En el año 1.895 el gobierno colonialista inglés presentó un proyecto para construír una línea de ferrocarril entre Kisumu y Mombasa, en Kenia. La peculiaridad de esta línea era que tenía que cruzar el valle del Rift, zona que a la sazón estaba dominada por la tribu Masái. Los masái son conocidos por ser en principio gentes dedicadas al pastoreo y de carácter un tanto nómada, aunque en caso de sentirse amenazados constituían en su época una feroz tribu guerrera, temida hasta por las caravanas que en lugar de cruzar las llanuras del Rift preferían dar un rodeo y hacer un camino más largo.
Ante el atónito seguimiento de numerosos periódicos (no en vano esa línea férrea fue denominada “Lunatic Express” por la prensa de la época), las obras finalmente empezaron en el año 1.896 y se prolongarían hasta bien entrado el año 1.901. A lo largo de los 930 kilómetros del recorrido, los culis (obreros indios) padecieron numerosas calamidades: quemaduras por las traviesas de hierro al cruzar el desierto de Taru, deshidratación, moscas tse-tse, guepardos, víboras, cobras, inundaciones, mosquitos…
Ah, leones también.
En Marzo de 1.898 las obras llegaron a los márgenes del río Tsavo, lugar que cuenta con una población de leones que, al igual que otros en algunas poblaciones de Senegal, tienen una peculiaridad: tanto machos como hembras carecen de melena.

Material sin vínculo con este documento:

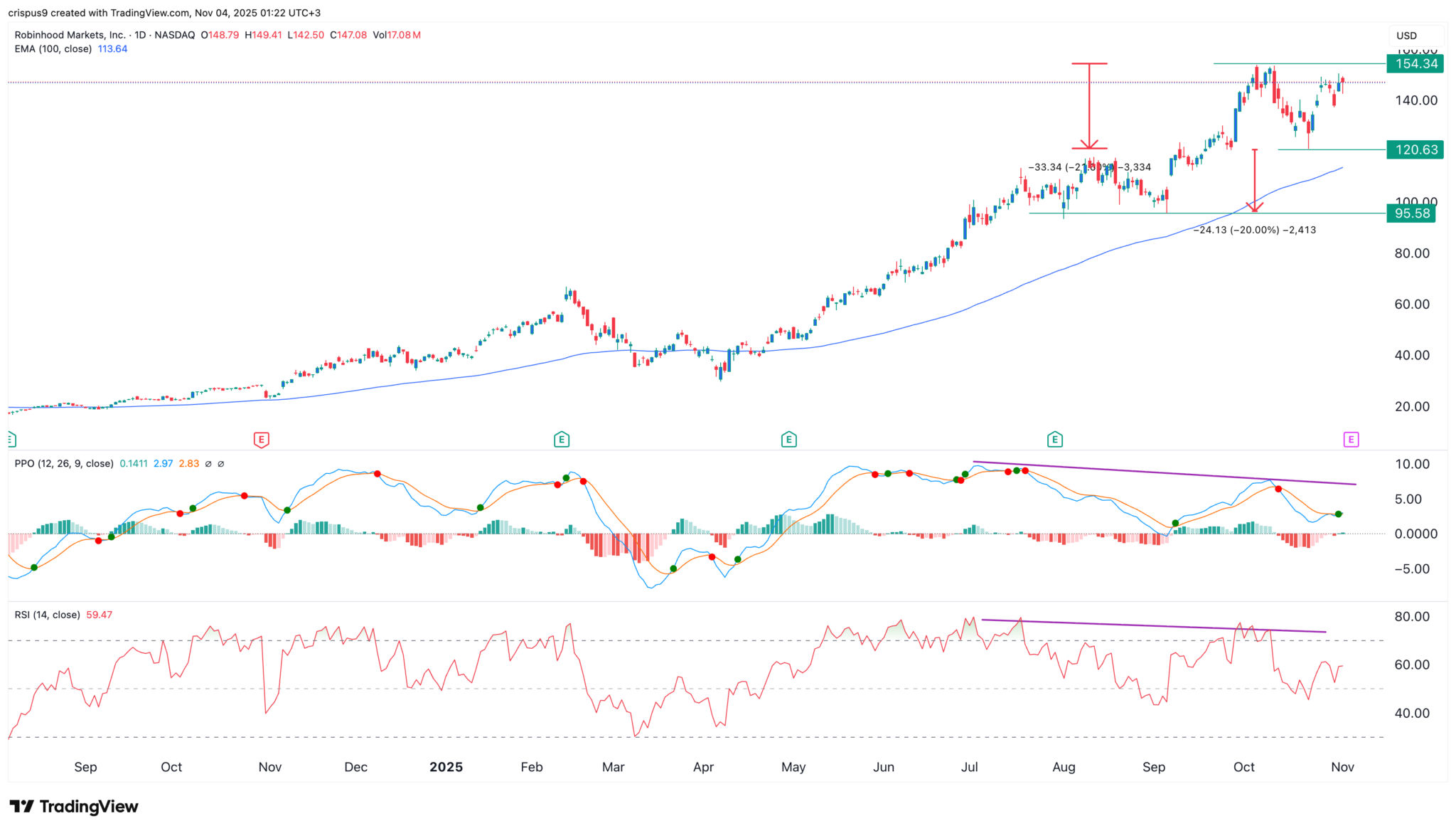 Das Tagesdiagramm zeigt, dass der HOOD-Aktienkurs im Oktober mit 154,35 $ seinen Höchststand erreichte und dann auf einen Tiefststand von 120 $ am 22. Oktober zurückfiel.

Esto se cree que obedece a la propia vegetación de la zona (bastante tupida) que hace que algo como una gran melena resulte incómodo y bastante molesto para acechar presas.

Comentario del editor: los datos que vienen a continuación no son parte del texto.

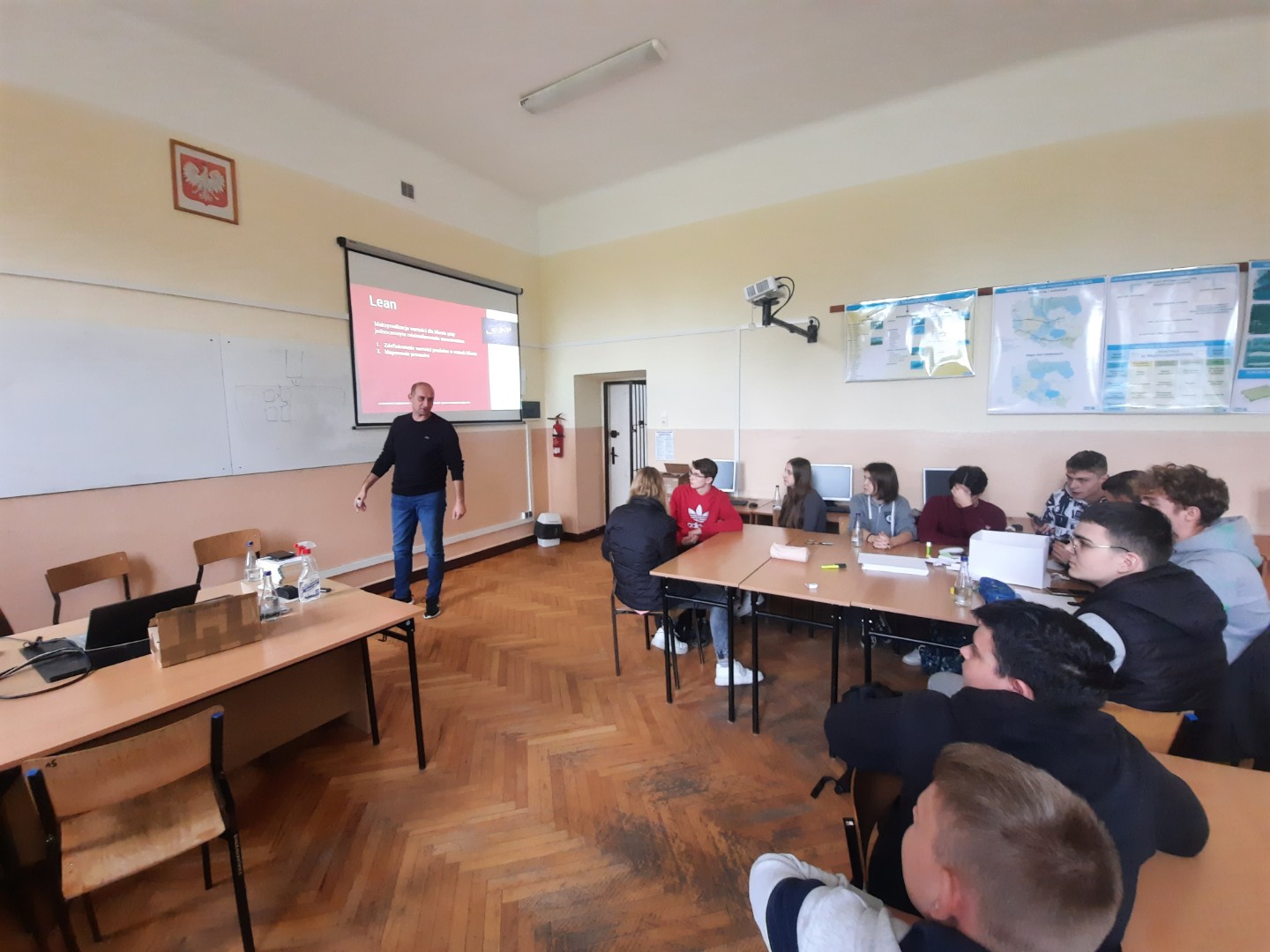 13 listopada 2023 roku uczniowie klas I i II uczących się w zawodzie technik logistyk uczestniczyli w spotkaniu z praktykiem w branży logistycznej, panem Piotrek Jamruszką – dyrektorem transportu w firmie Piast Cargo Transport. Prelekcja poświęcona była pragmatycznemu zastosowaniu łańcucha dostaw w logistyce kontraktowej. Uczniowie w trakcie spotkania zbudowali makietę magazynu oraz aktywnie odpowiadali na zadawane pytania. Ponadto w trakcie prezentacji omówiono możliwości zastosowania koncepcji Kaizen w rzeczywistości logistycznej z uwzględnieniem poszczególnych procesów oraz formułę 5S jako metodę na zaoszczędzenie czasu, poprawę ergonomii i optymalizację środowiska pracy i nauki.

Peculiaridades al margen, lo cierto es que concretamente dos de estos leones se especializaron en la captura de hombres. De vez en cuando por las noches acudían al campamento y sacaban a los hombres de sus tiendas para devorarlos.
En un intento de protección, los obreros se decidieron a imitar a los poblados que habían visto y construyeron unas bomas para vallar el perímetro del campamento. Estas bomas consisten una empalizadas forradas con ramas de espino que por lo general son muy útiles para disuadir a depredadores de penetrar en el recinto. Por lo general. En este caso, desgraciadamente, no sirvieron. Bien por una especial habilidad para trepar -los leones no suelen ser grandes trepadores- o bien por falta de pericia por parte de los trabajadores indios que no estaban acostumbrados a erigir a este tipo de estructuras, lo cierto es que los leones lograron burlar esta defensa una y otra vez y continuaban cobrándose víctimas.

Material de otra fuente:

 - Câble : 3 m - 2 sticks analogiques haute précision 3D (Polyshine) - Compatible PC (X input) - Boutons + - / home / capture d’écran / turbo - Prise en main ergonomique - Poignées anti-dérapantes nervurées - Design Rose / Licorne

El encargado de la construcción, el teniente coronel John Henry Patterson, comenzó también a instalar trampas como lazos en las inmediaciones del campamento pero al igual que pasó con la boma, también fallaron en su cometido; o no estaban en un buen lugar o estaban mal hechas, pero lo cierto es que los leones no caían. Llegado ya el mes de Noviembre de 1.898, tras 8 meses de ataques, Patterson decidió acabar con el problema de la única manera que se le antojaba efectiva: a disparos.

John H. Patterson junto a uno de los leones

John H. Patterson pasó de refugiarse en su tienda a hacer turnos de vigilancia subido en los árboles cercanos durante la noche. Al final su perseverancia obtuvo sus frutos.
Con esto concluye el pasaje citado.